If ICE doesn’t have a search warrant, they technically aren’t allowed to come into your house without your consent. However, they can still show up at your door and wait for you to come out of your house, which is their current strategy for these raids. Ice’s actions have caused many immigrants to hide inside as a result of pure fear. Consequently, many communities of immigrants have been working to help each other in these situations, by providing food, water, and other needs so that the families can stay safe inside. As reported by the New York Times, one community of immigrants living in an apartment complex in Houston, Texas, refused to answer the door. A woman who lived there, Kaylin Garcia, was the one who warned her neighbors of the ICE agents’ arrival by posting on Facebook. The agents left the undocumented families occupying apartments in her building alone, after waiting for a few minutes with no answer. 

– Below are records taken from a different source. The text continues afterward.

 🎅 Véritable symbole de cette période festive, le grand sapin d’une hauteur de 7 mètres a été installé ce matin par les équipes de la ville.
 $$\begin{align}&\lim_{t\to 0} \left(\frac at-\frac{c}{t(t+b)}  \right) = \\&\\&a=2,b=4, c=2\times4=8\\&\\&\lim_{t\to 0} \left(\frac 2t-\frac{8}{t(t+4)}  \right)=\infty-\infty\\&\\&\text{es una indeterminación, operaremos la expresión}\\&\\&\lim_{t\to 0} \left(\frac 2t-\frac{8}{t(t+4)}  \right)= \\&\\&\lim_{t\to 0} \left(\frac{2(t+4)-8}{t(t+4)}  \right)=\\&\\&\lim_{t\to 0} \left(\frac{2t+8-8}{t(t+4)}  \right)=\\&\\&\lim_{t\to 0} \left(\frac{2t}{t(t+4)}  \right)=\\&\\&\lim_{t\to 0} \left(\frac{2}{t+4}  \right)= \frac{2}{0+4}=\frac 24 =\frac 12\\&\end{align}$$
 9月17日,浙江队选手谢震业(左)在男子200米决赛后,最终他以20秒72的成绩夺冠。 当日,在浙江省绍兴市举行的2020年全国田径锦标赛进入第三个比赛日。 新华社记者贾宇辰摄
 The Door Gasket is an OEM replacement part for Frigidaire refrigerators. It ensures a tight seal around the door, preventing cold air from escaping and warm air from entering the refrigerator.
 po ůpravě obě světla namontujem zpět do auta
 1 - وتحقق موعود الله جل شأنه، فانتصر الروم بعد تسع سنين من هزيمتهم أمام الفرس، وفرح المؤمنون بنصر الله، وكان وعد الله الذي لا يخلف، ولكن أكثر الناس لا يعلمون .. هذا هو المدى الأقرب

Resemblance To “Pass Raids”

These ICE raids bear a disturbing likeness to the pass laws of apartheid in South Africa. These pass laws were a system created to regulate the movement of black people into white areas of the country, much like the system we have for immigrants in America. With these pass laws, all black South Africans older than sixteen were required to carry a “pass”, which was a small book of reference. If you did not carry your pass, it was not only a crime, but also made it nearly impossible to find work. During this time, roughly 17,745,000 black South Africans were arrested. For both the pass laws and the ICE raids, citizenship laws are being used to ensure control over nonwhite people. As a result, many nonwhite people are not given a chance for citizenship, and are deported out of the country, making it very hard for the immigrants to find a legal way in.

What Happens After?

Once the person is arrested, they are taken to a local ICE office. It can take up to five hours to finish paperwork and find a detention center for the person to be kept in. If the detainee does end up going through deportation, the time the process takes depends on where they are coming from and where they are going. For people from countries in Central America, it can take three to four months. Most are sent back on flights chartered by ICE. Where they are staying is not a place anyone should be in for a long period of time. The detention facilities across the nation have terrible conditions, many being overcrowded. Some of the people in the detention facilities have to sleep on the cement ground. The ICE raids force these people into the terrible facilities, making ICE raids even worse of a solution.

Solution

Border control is a necessary regulation for this country; however, there are many better ways to handle it than ICE raids and detention centers. To start, ICE could focus on immigrants who actually have criminal backgrounds- not just any undocumented immigrant. If someone does get captured, the U.S. can work to make the process quicker, so the person won’t have to stay in the detention centers for long. Another action the U.S. can take to help regulate the arrival of immigrants is working with countries they are coming from to help make life at home better, so they don’t have to come to the U.S. just to be sent back. ICE raids are clearly unacceptable and inhumane, and the U.S. must work to find better solutions.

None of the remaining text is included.